With improving outcomes of childhood cancers, increasing interest is being directed towards the long-term adverse effects in childhood cancer survivors (CCSs). Dental developmental disturbances (DDDs) are receiving attention given the adverse effect on the quality of life and optimal nutrition. Anticancer therapy (ACT) constituting systemic chemotherapy and radiotherapy to the head and neck region can interfere with odontogenesis resulting in several aberrations, including tooth agenesis, tooth discoloration, root shortening, or malformation, reduced salivary flow, dental caries, enamel hypoplasia, and microdontia. The DDDs can be irreversible [1, 2]. Children are typically affected, while the adults receiving ACT are spared as the dental structures are already formed.

The risk factors for DDDs include (a) age below 3 y while receiving ACT, (b) dose-dependent alkylating agents including cyclophosphamide (> 4 g/m2), and (c) radiotherapy dose exceeding 20 Gy to head and neck region [3, 4]. Few recent studies have suggested age below 4 y and radiotherapy dose exceeding 20 Gy to predict DDDs better than the dose of radiotherapy alone [4, 5]. In the current protocols for acute lymphoblastic leukemia (ALL), prophylactic cranial radiotherapy is no longer included.
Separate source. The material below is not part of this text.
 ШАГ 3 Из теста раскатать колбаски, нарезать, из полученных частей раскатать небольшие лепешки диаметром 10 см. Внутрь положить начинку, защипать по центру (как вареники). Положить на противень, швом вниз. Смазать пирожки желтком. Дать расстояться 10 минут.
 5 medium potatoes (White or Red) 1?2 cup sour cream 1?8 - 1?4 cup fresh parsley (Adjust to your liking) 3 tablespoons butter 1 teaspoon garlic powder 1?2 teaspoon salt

In this issue of the Journal, Atif et al. report the long-term adverse effect of ACT on dentition in CCSs from a single center in New Delhi [6]. They have demonstrated the adverse effects of the early age of initiation of ACT (< 5 y) on DDDs [6]. It is in concordance with earlier studies [1, 3, 4]. In addition, the authors demonstrate that microdontia is a common crown defect observed in 41% of CCSs, similar to the findings of earlier studies [3, 7, 8].

In a recent survey study by a Dutch group, root defects were more common than crown defects, with impaired root growth and microdontia being the most common root and crown defects, respectively, in CCSs [4]. The root abnormalities, including shortening, blunting, tapering, and the etiology of clinically missing teeth, including impacted tooth and tooth agenesis, can be better studied by orthopantomogram (OPG) [7, 9]. In a systematic review and meta-analysis of 16 nonrandomized studies, root defects were observed in 62% of cases using OPG [7]. The commonest abnormality noted was impaired root growth in 58% of survivors, and the commonest cancer was leukemia in 45% of cases [7].
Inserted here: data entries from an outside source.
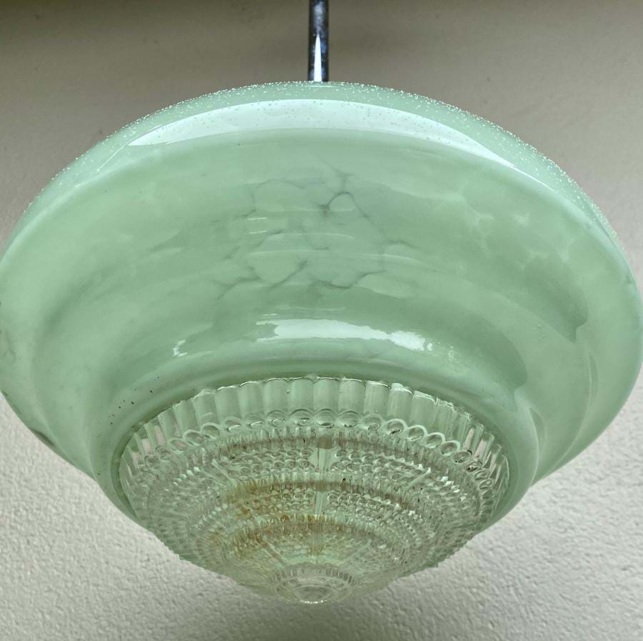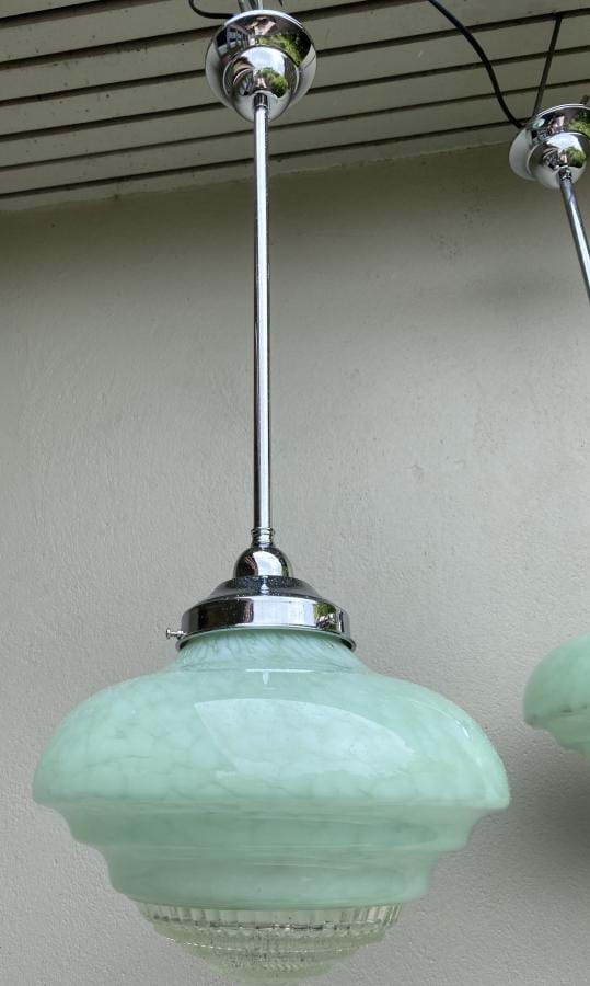 Great pair of large 1930's deco stepped marbled green glass ceiling light shades with clear (removable) prismatic glass bases. Come complete with chrome rod suspension fittings and are ready to hang. Each shade is 250mm wide by 140mm long and the overall length/drop is 700mm....which can be altered if requested. Price shown is for the pair.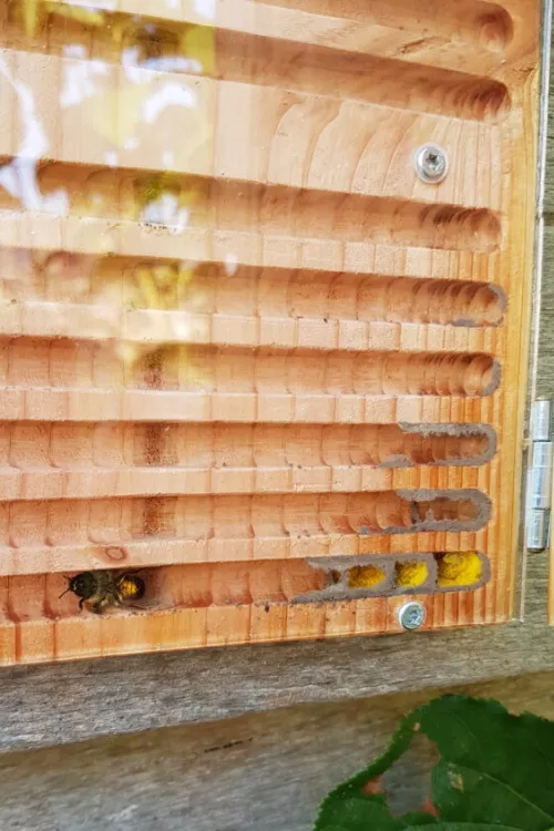 Het observatiehuisje is zo ontworpen dat je alles van dichtbij kunt volgen. Je ziet hoe vrouwtjesbijen stuifmeel verzamelen, eitjes leggen en de gangen afsluiten met een wandje van klei. Dit is niet alleen prachtig om te zien, maar biedt ook een unieke kans om meer te leren over de cyclus van metselbijen en hun cruciale rol in het ecosysteem.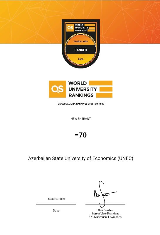 İlk dəfə olaraq, dünyanın aparıcı universitetlərinin yer aldığı “QS MBA Rankings 2026” reytinqinə daxil olub.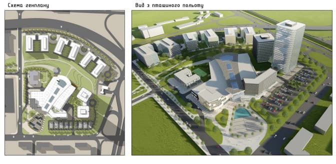 Проект детального плану передбачає, що тут з’явиться комплекс із шести 8-поверхових офісних будівель, висотного офісного центру з корпусами на 11 та 22 поверхи та підземним паркінгом. Також тут побудують тризірковий готель, університет та дитячий садок. Найбільшим за площею тут спроектували торгово-розважальний центр. Відомо, що участь у будівництві братиме кілька інвесторів, зокрема співвласник торговго центру «Форум».

In the study by Atif et al., nearly half the study population (45%) is constituted by ALL survivors [6]. It was an opportunity for analyzing the various root defects, the effect of alkylating agents, and the cumulative doses on dental anomalies in CCSs. The dose, site, and age of administration of radiotherapy are not analyzed. Also, understandably, the OPG was performed in a few selected cases. The effect of cumulative dose of alkylating agents and the dose, site, and age at administration of radiotherapy on DDDs has not been specifically addressed. There is a need to model a risk profile to identify the CCSs at the greater risk of DDDs. It would help to target the at-risk survivors for dental referral, early identification, and appropriate intervention for dental adverse effects. Likely, the sample size and heterogeneous patient population were the limiting factors in the study by Atif et al. to identify comprehensive risk factors. Notably, there is a void in the literature on the adverse effect of intensity-modulated radiotherapy on dental effects [1].
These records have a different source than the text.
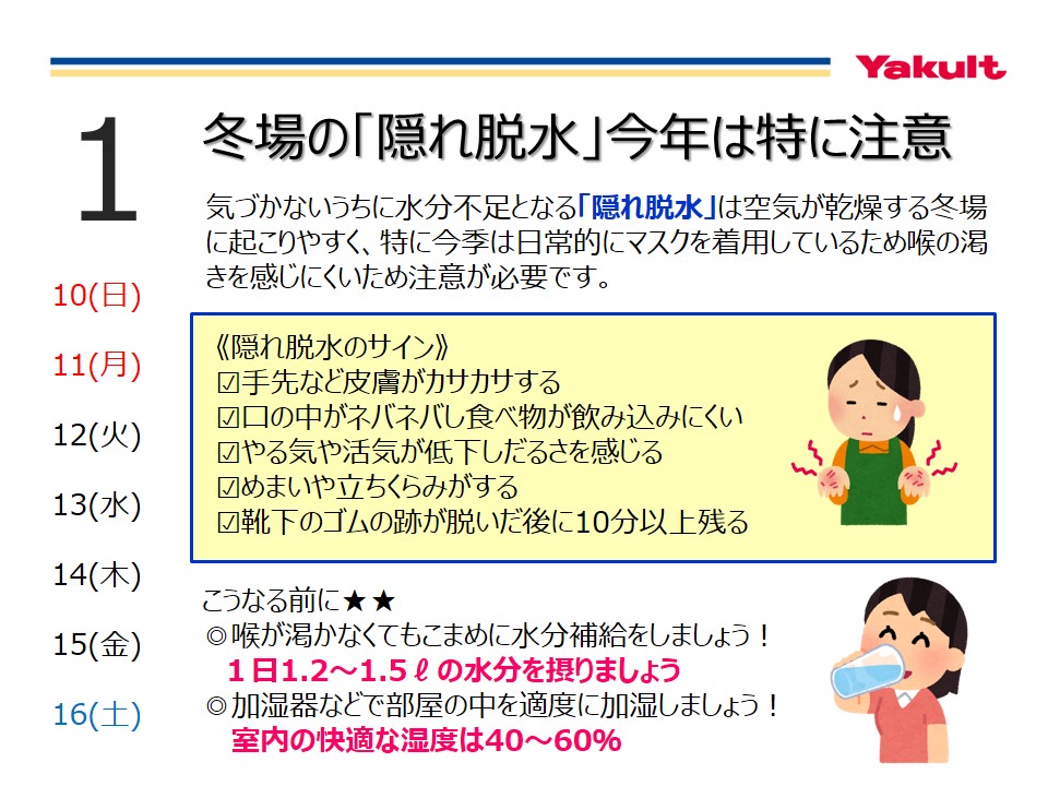 隠れ脱水に気を付けて冬場の健康づくりをしましょう!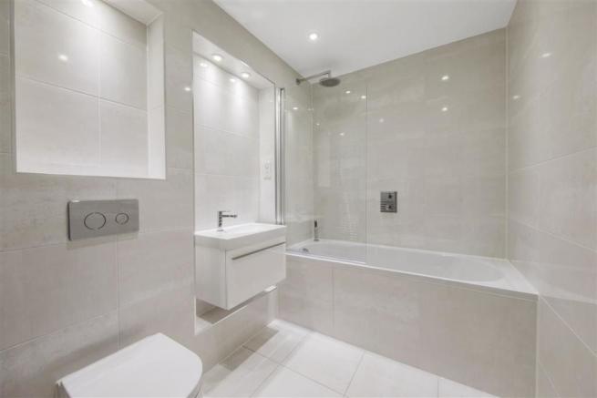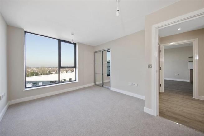 The bedroom includes fitted wardrobes and a floor to ceiling window. The bathroom includes a shower over the bath.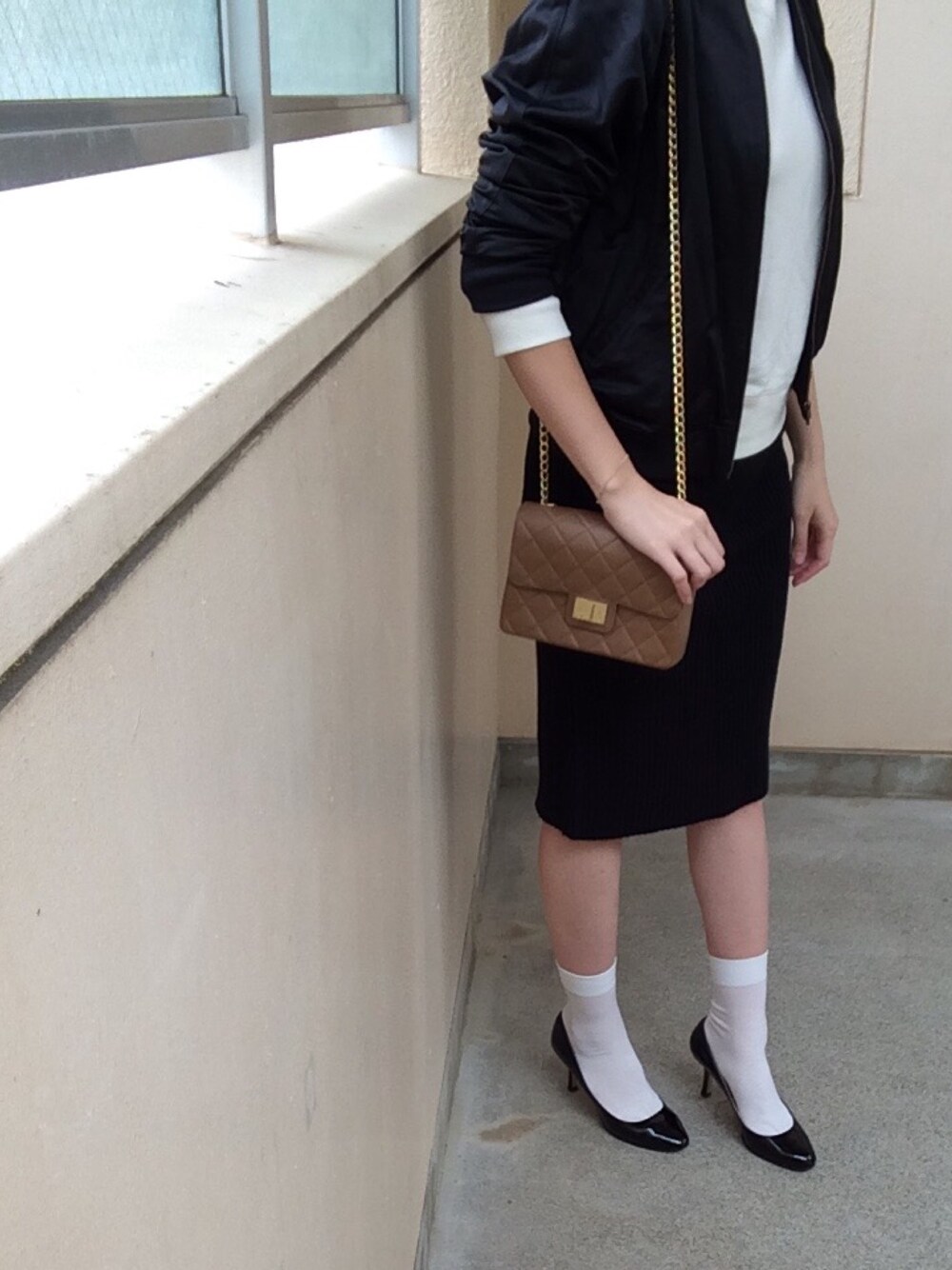 スウェット*UNIQLO×INES ニットスカート*GU アウター*UNIQLO×INES パンプス*FABIO RUSCONI バッグ*Deuxieme Classe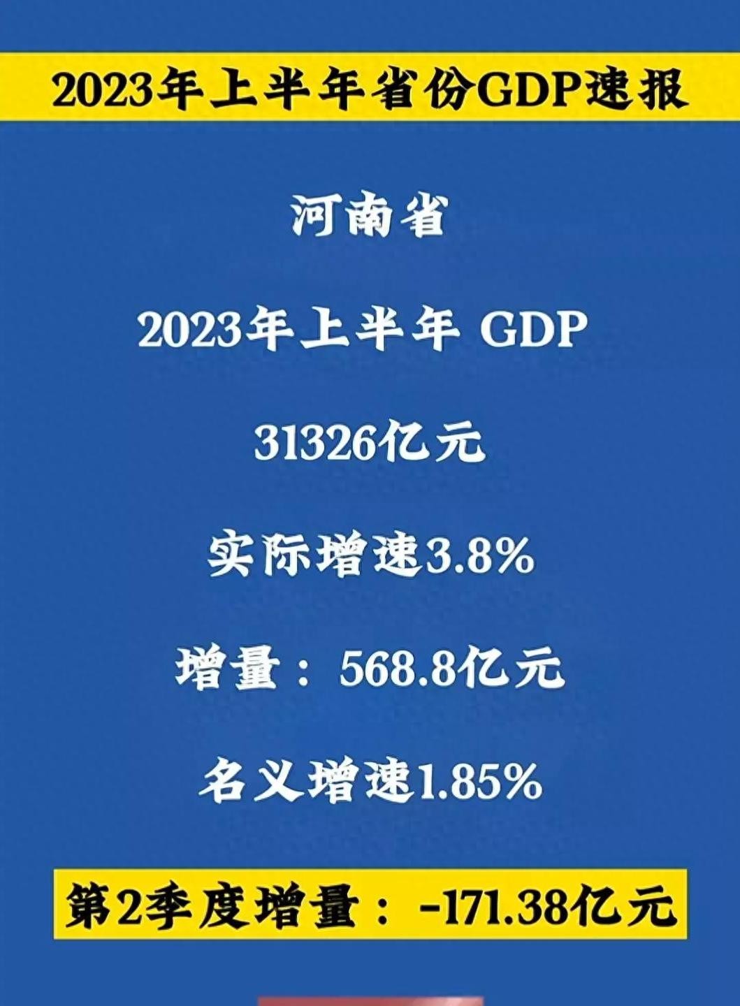 河南省2023年上半年GDP增量相对拉胯,名义增速仅为1.85%,增量为568.8亿元,二季度更是出现了-171.38亿元的负增长。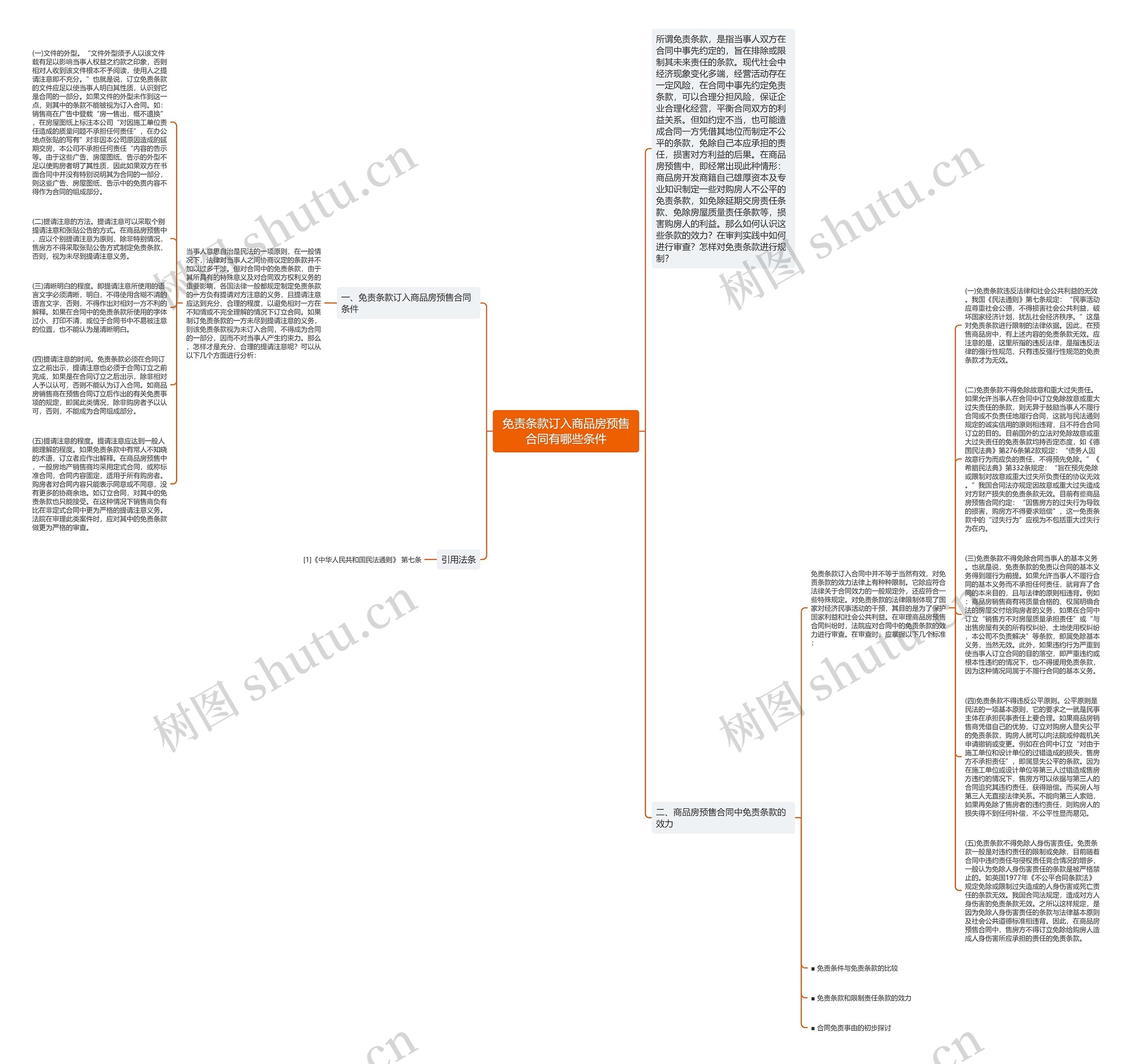 (一)免责条款违反法律和社会公共利益的无效。我国《民法通则》第七条规定:“民事活动应尊重社会公德,不得损害社会公共利益,破坏国家经济计划,扰乱社会经济秩序。”这是对免责条款进行限制的法律依据。因此,在预售商品房中,有上述内容的免责条款无效。应注意的是,这里所指的违反法律,是指违反法律的强行性规范,只有违反强行性规范的免责条款才为无效。

Chemotherapy and radiotherapy can also lead to xerostomia, which, combined with enamel hypoplasia, results in an increased risk of dental caries. Probably, xerostomia was not evaluated as the indications for radiotherapy to the head and neck region are limited in childhood cancers compared to adults. Dental caries is a common finding in clinical practice. Both these parameters could have been addressed in the study of Atel et al., as it is helpful when planning orthodontics. Xerostomia is observed to be associated with periodontal disease. It is postulated to be associated with cardiovascular disease, which can be compounded by anthracyclines and radiotherapy [1, 10].

In low- and middle-income countries (LMICs), universal availability of cancer survivor clinics and ready access to dentists with expertise in CCSs is a distant reality. Indeed, there is an unmet need to identify at-risk survivors for early intervention. LMICs account for 80%–90% of childhood cancer burden, providing an opportunity for designing a scoring system to predict the risk of DDDs in CCSs. The study by Atif et al. is one of the very few studies that has addressed dental health in CCSs, particularly in LMICs.